= Beginning of Section =

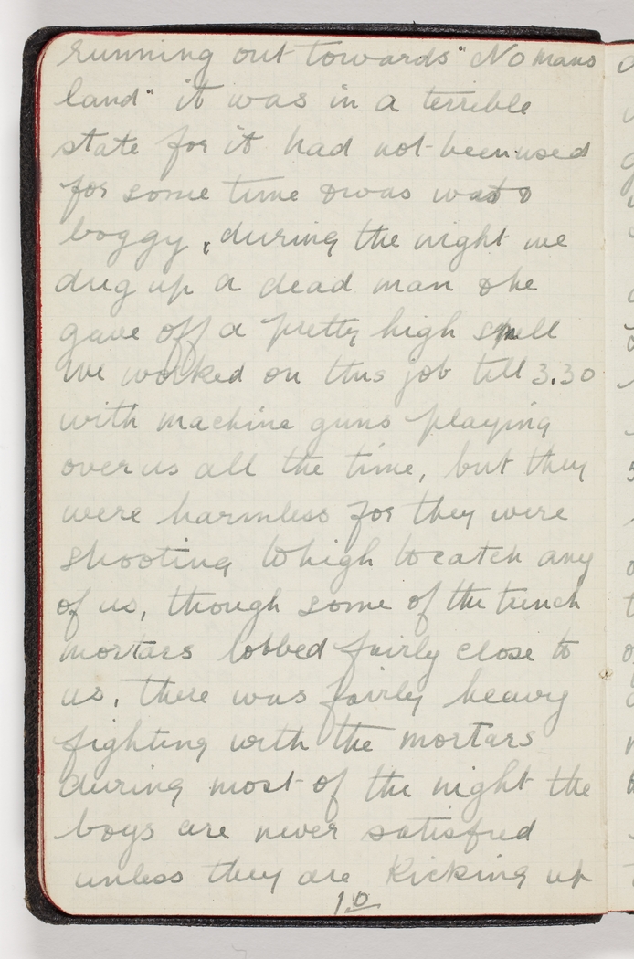 running out towards "No mans land" it was in a terrible state for it had not been used for some time & was wet & boggy, during the night we dug up a dead man & he gave off a pretty high smell We worked on this job till 3.30 with machine guns playing over us all the time, but they were harmless for they were shooting to high to catch any of us, though some of the trench mortars lobbed fairly close to us, there was fairly heavy fighting with the mortars during most of the night the boys are never satisfied unless they are kicking up
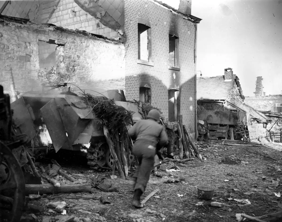 FILE - An American soldier runs past a burning German half-track in the recaptured town of La Gleize, Belgium, in 1944 during the Battle of the Bulge in World War II. (AP Photo/Peter Carroll, File)
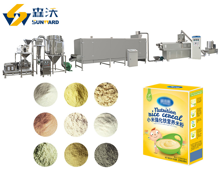 Nutritional rice milk powder making machine for baby food uses rice, corn, beans and all kinds of grains as the raw materials. Through extruding, inflating, drying, crushing and mixing, it could produce many kinds of nutritional powder. Such as baby rice powder, sesame paste, beans powder and so on. This line could finish all the process automatically from the feeding to the end. It has features of easy operation, no leak of powder dust, sanitation, energy-saving and adding all kinds of raw materials and nutriment asily.
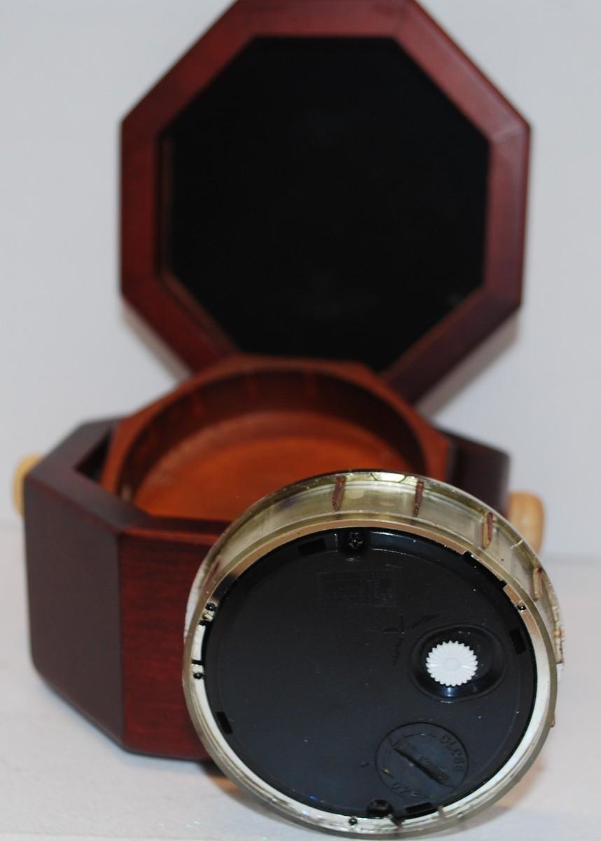 Gimbal Style Clock in an Octagon Shaped Wooden Hinged Covered Box 3" x 2" (Clock Works)
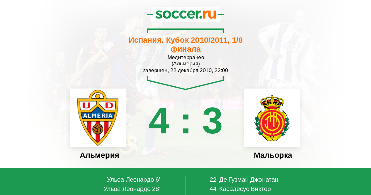 Испания. Кубок 06.01.2011 Мальорка Логотип футбольный клуб Мальорка (Пальма-де-Мальорка) 3:4 Логотип футбольный клуб Альмерия Альмерия
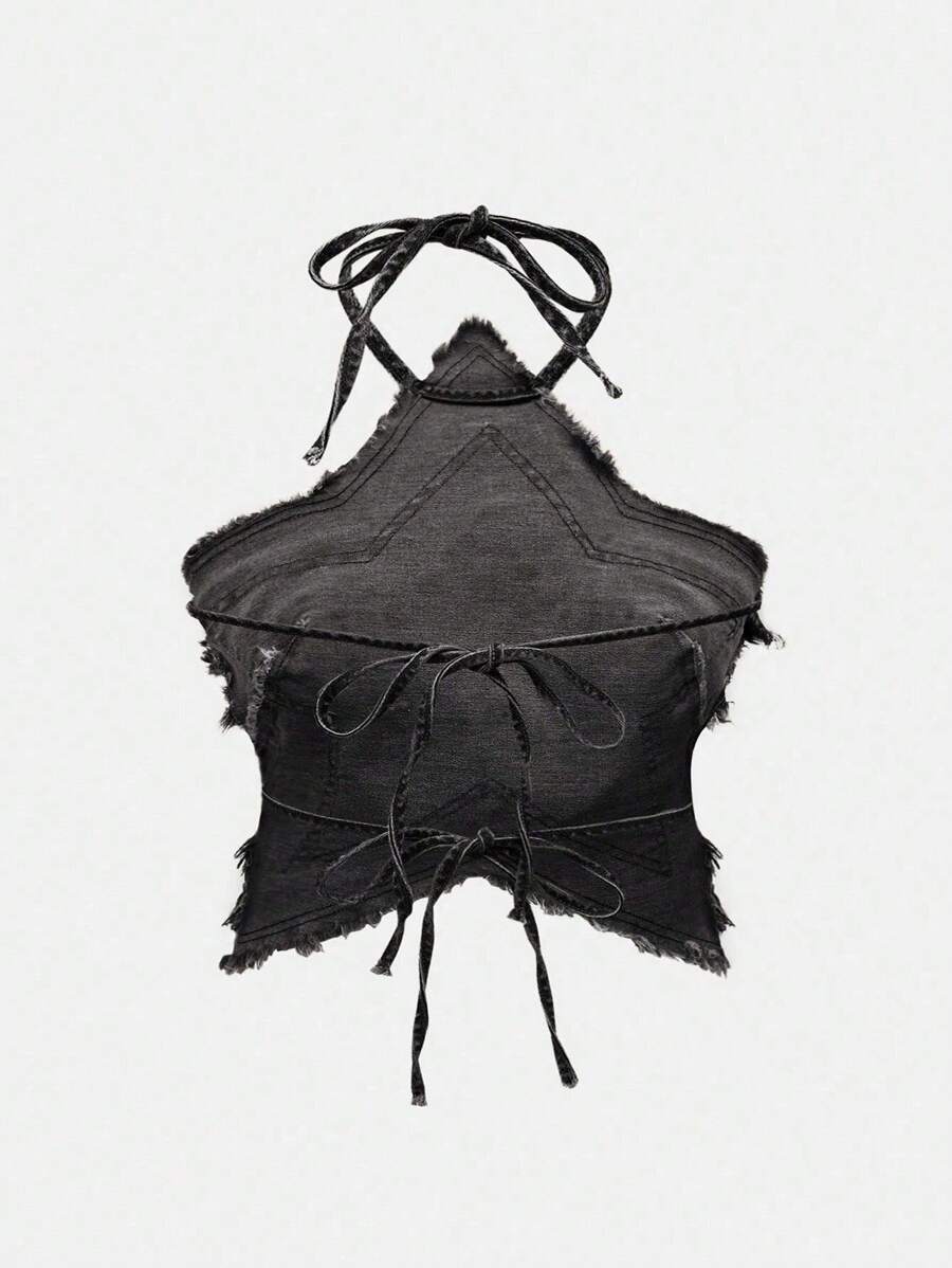 Grunge Punk Blusa de tela vaquera con cuello de corbata, diseño de estrella de cinco puntas desgastada y bajo deshilachado, talla grande y sexy
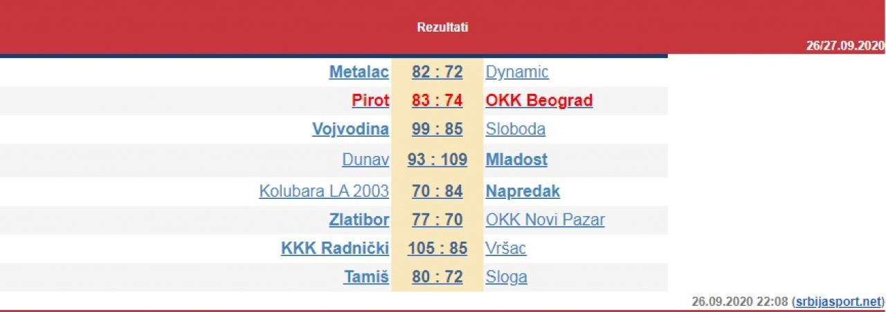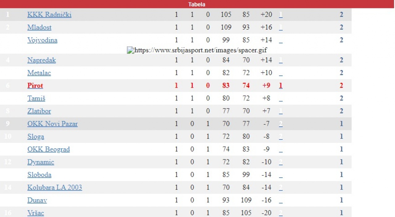 Pirot : Pirot – OKK Beograd 83:74 ( 18:21, 22:12, 21:18, 22:23)
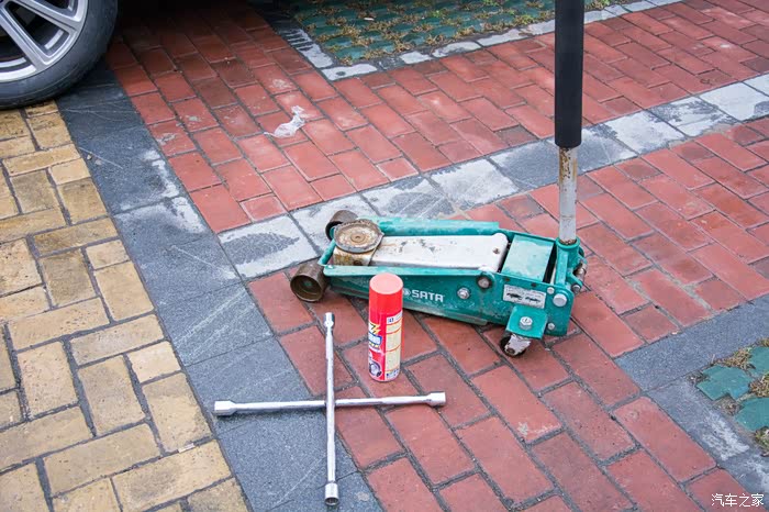 清洗液都买了,总不见得不弄吧,而且车上的工具拆轮胎也不是很方便,毕竟是给你应急用的,干脆借个工具算了,找了个汽修店,付点押金用完再还回去,于是花300块押金借来了千斤顶和扳手。
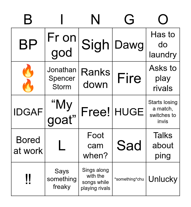 This bingo card has a free space and 24 words: L, Says something freaky, Ranks down, ‼️, Has to do laundry, BP, 🔥🔥, Fr on god, HUGE, Foot cam when?, Fire, IDGAF, Sad, Talks about ping, Jonathan Spencer Storm, *something*chu, Starts losing a match, switches to invis, Sigh, Asks to play rivals, “My goat”, Unlucky, Bored at work, Dawg and Sings along with the songs while playing rivals.
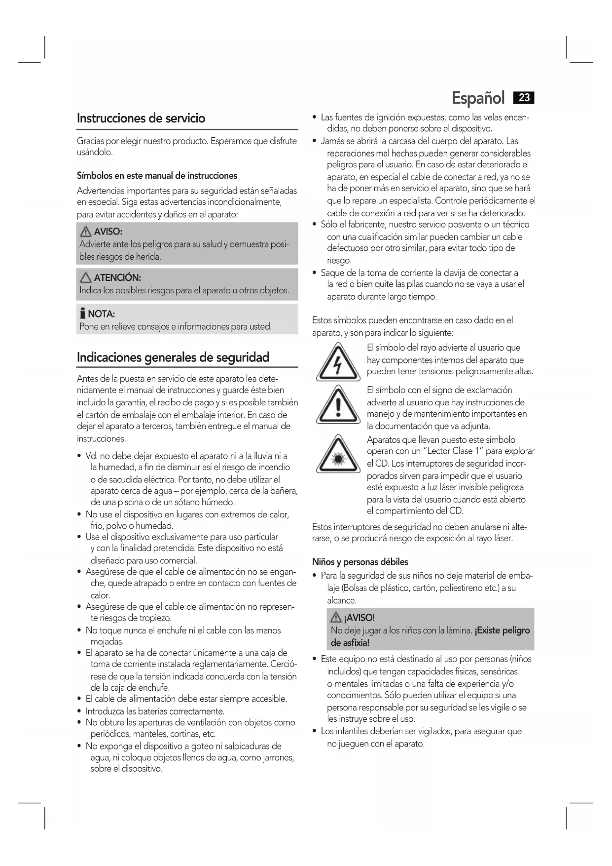 Instrucciones de servicio. Página 23
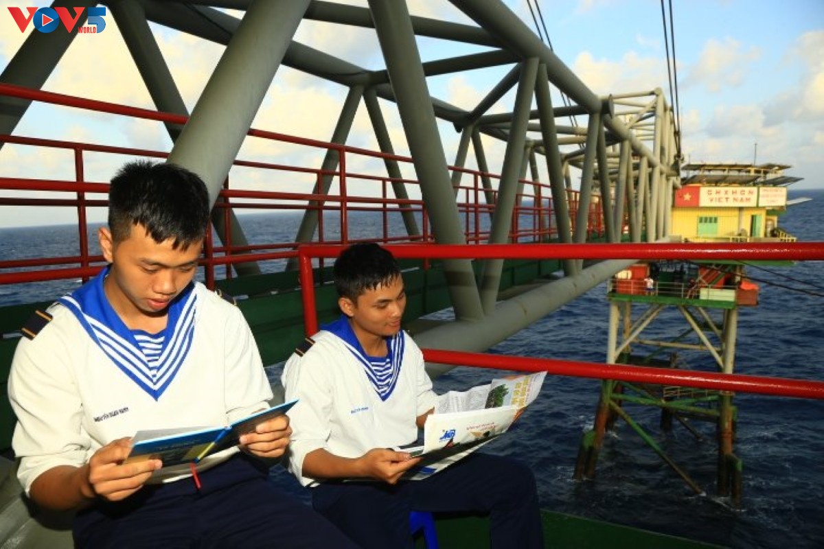 | Moments de détente des soldats sur des plates-formes DK1. Photo: Thu Lan/VOV |
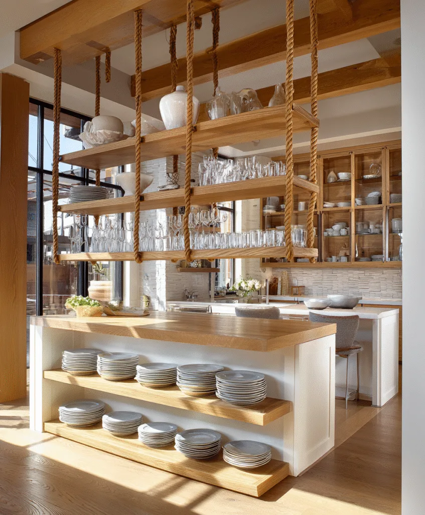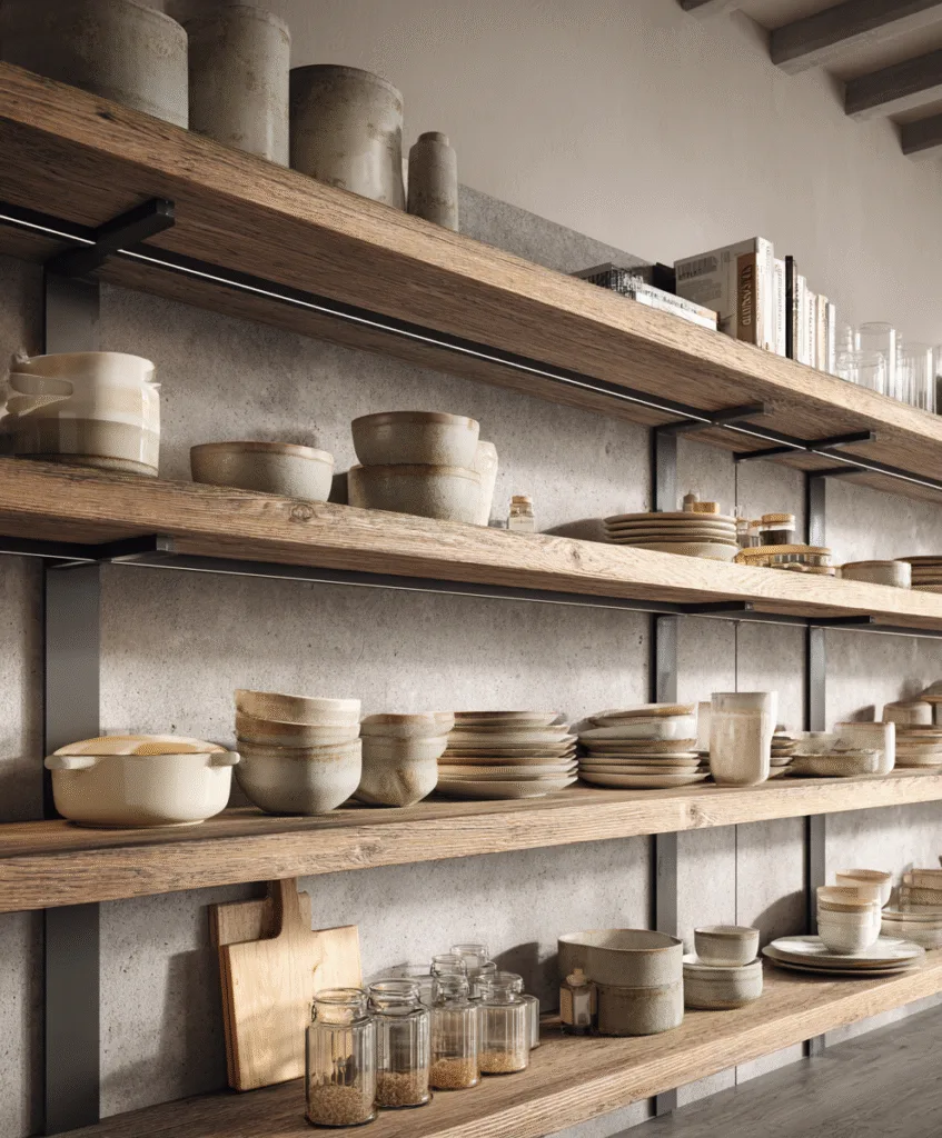 Open shelving isn’t just about storage—it’s about self-expression in your kitchen.
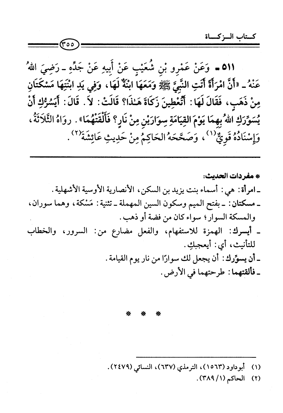 511 - وَعَنْ عَمْرِو بْنِ شُعَيْبٍ عَنْ أَبِيهِ عَنْ جَدِّهِ -رَضِيَ اللهُ عَنْهُ- "أنَّ امْرَأَةً أَتَتِ النَّبِيَّ -صلى الله عليه وسلم- وَمَعَهَا ابْنَةٌ لَهَا، وَفِي يَدِ ابْنَتِهَا مَسْكَتَانِ مِنْ ذَهبٍ، فَقَالَ لَهَا: أَتُعْطِينَ زَكَاةَ هَذَا؟ قَالَتْ: لاَ. قَالَ: أَيَسُرُّكِ أنْ يُسَوِّرَكِ اللهُ بِهِمَا يَوْمَ القِيَامَةِ سِوَارَيْنِ مِنْ نَارٍ؟ فَأَلْقَتْهُمَا". روَاهُ الثَّلاَثَةُ، وَإِسْنَادُهُ قَوِيٌّ (¬1)، وَصَحَّحَهُ الحَاكِمُ مِنْ حَدِيثِ عَائِشَةَ (¬2).
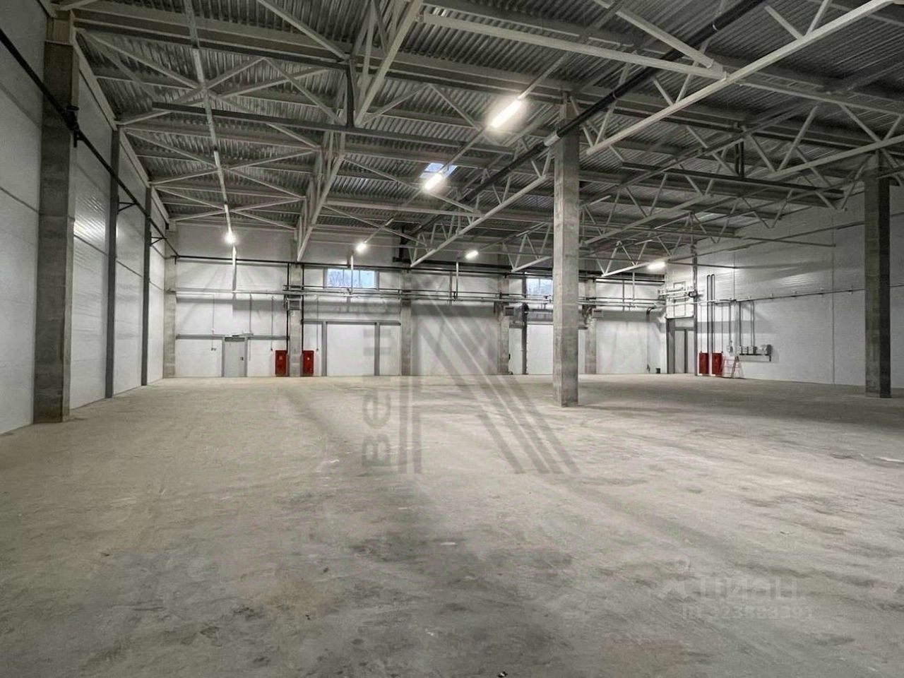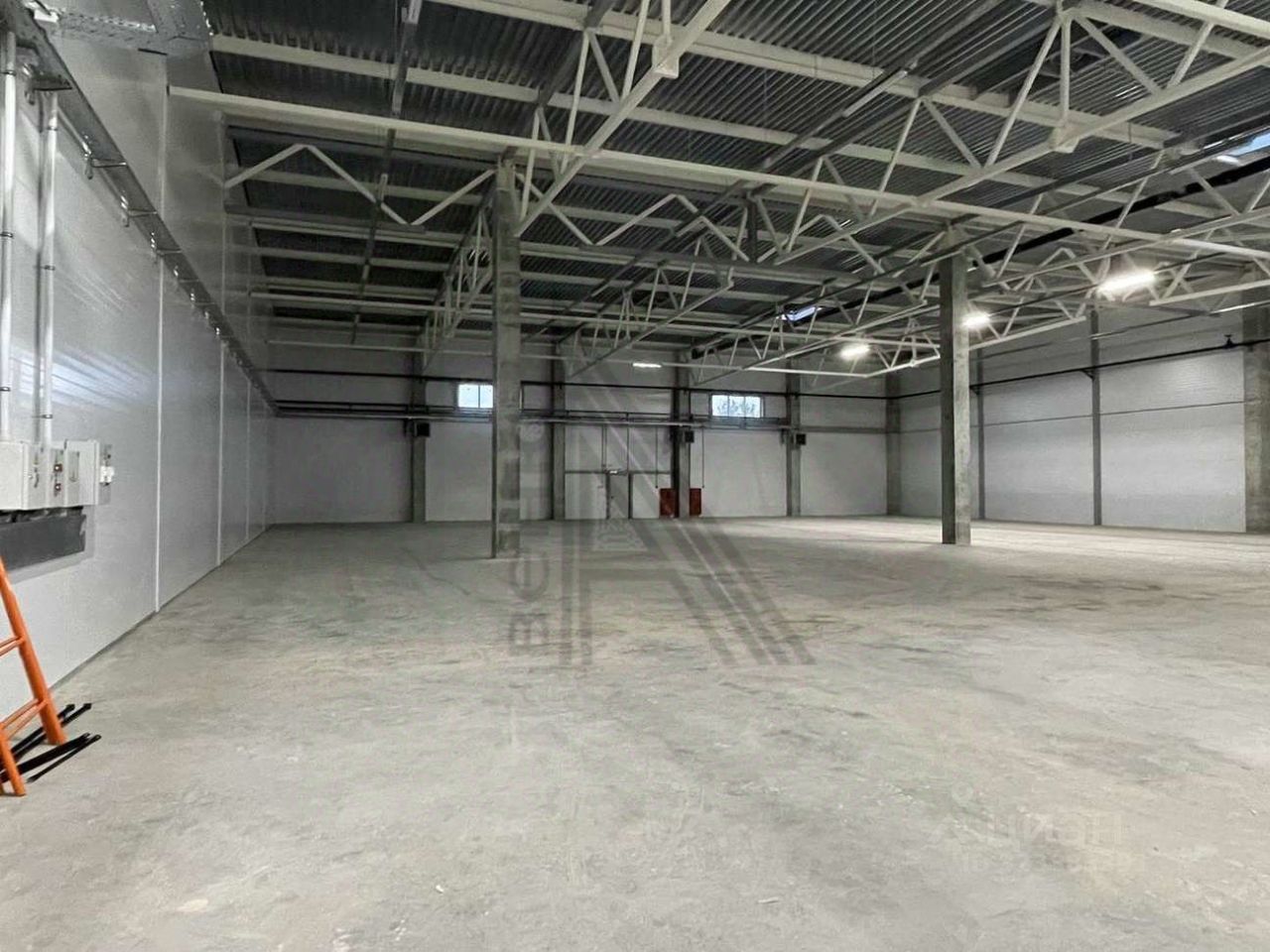 Высота потолка (до низа фермы): 6 метров, шаг колонн 12*18 метров. Пол бетонный (финишное покрытие - Топпинг), допустимая нагрузка на пол 5 т/кв.м. Складская зона общей площадью 3 058,00 кв.

= End of Section =

INSTRUCTIONS TO FOLLOW: Transcribe the records word for word and include no pictures.

EXERCISE RESPONSE:
 running out towards "No mans land" it was in a terrible state for it had not been used for some time & was wet & boggy, during the night we dug up a dead man & he gave off a pretty high smell We worked on this job till 3.30 with machine guns playing over us all the time, but they were harmless for they were shooting to high to catch any of us, though some of the trench mortars lobbed fairly close to us, there was fairly heavy fighting with the mortars during most of the night the boys are never satisfied unless they are kicking up
 FILE - An American soldier runs past a burning German half-track in the recaptured town of La Gleize, Belgium, in 1944 during the Battle of the Bulge in World War II. (AP Photo/Peter Carroll, File)
 Nutritional rice milk powder making machine for baby food uses rice, corn, beans and all kinds of grains as the raw materials. Through extruding, inflating, drying, crushing and mixing, it could produce many kinds of nutritional powder. Such as baby rice powder, sesame paste, beans powder and so on. This line could finish all the process automatically from the feeding to the end. It has features of easy operation, no leak of powder dust, sanitation, energy-saving and adding all kinds of raw materials and nutriment asily.
 Gimbal Style Clock in an Octagon Shaped Wooden Hinged Covered Box 3" x 2" (Clock Works)
 Испания. Кубок 06.01.2011 Мальорка Логотип футбольный клуб Мальорка (Пальма-де-Мальорка) 3:4 Логотип футбольный клуб Альмерия Альмерия
 Grunge Punk Blusa de tela vaquera con cuello de corbata, diseño de estrella de cinco puntas desgastada y bajo deshilachado, talla grande y sexy
 Pirot : Pirot – OKK Beograd 83:74 ( 18:21, 22:12, 21:18, 22:23)
 清洗液都买了,总不见得不弄吧,而且车上的工具拆轮胎也不是很方便,毕竟是给你应急用的,干脆借个工具算了,找了个汽修店,付点押金用完再还回去,于是花300块押金借来了千斤顶和扳手。
 This bingo card has a free space and 24 words: L, Says something freaky, Ranks down, ‼️, Has to do laundry, BP, 🔥🔥, Fr on god, HUGE, Foot cam when?, Fire, IDGAF, Sad, Talks about ping, Jonathan Spencer Storm, *something*chu, Starts losing a match, switches to invis, Sigh, Asks to play rivals, “My goat”, Unlucky, Bored at work, Dawg and Sings along with the songs while playing rivals.
 Instrucciones de servicio. Página 23
 | Moments de détente des soldats sur des plates-formes DK1. Photo: Thu Lan/VOV |
 Open shelving isn’t just about storage—it’s about self-expression in your kitchen.
 511 - وَعَنْ عَمْرِو بْنِ شُعَيْبٍ عَنْ أَبِيهِ عَنْ جَدِّهِ -رَضِيَ اللهُ عَنْهُ- "أنَّ امْرَأَةً أَتَتِ النَّبِيَّ -صلى الله عليه وسلم- وَمَعَهَا ابْنَةٌ لَهَا، وَفِي يَدِ ابْنَتِهَا مَسْكَتَانِ مِنْ ذَهبٍ، فَقَالَ لَهَا: أَتُعْطِينَ زَكَاةَ هَذَا؟ قَالَتْ: لاَ. قَالَ: أَيَسُرُّكِ أنْ يُسَوِّرَكِ اللهُ بِهِمَا يَوْمَ القِيَامَةِ سِوَارَيْنِ مِنْ نَارٍ؟ فَأَلْقَتْهُمَا". روَاهُ الثَّلاَثَةُ، وَإِسْنَادُهُ قَوِيٌّ (¬1)، وَصَحَّحَهُ الحَاكِمُ مِنْ حَدِيثِ عَائِشَةَ (¬2).
 Высота потолка (до низа фермы): 6 метров, шаг колонн 12*18 метров. Пол бетонный (финишное покрытие - Топпинг), допустимая нагрузка на пол 5 т/кв.м. Складская зона общей площадью 3 058,00 кв.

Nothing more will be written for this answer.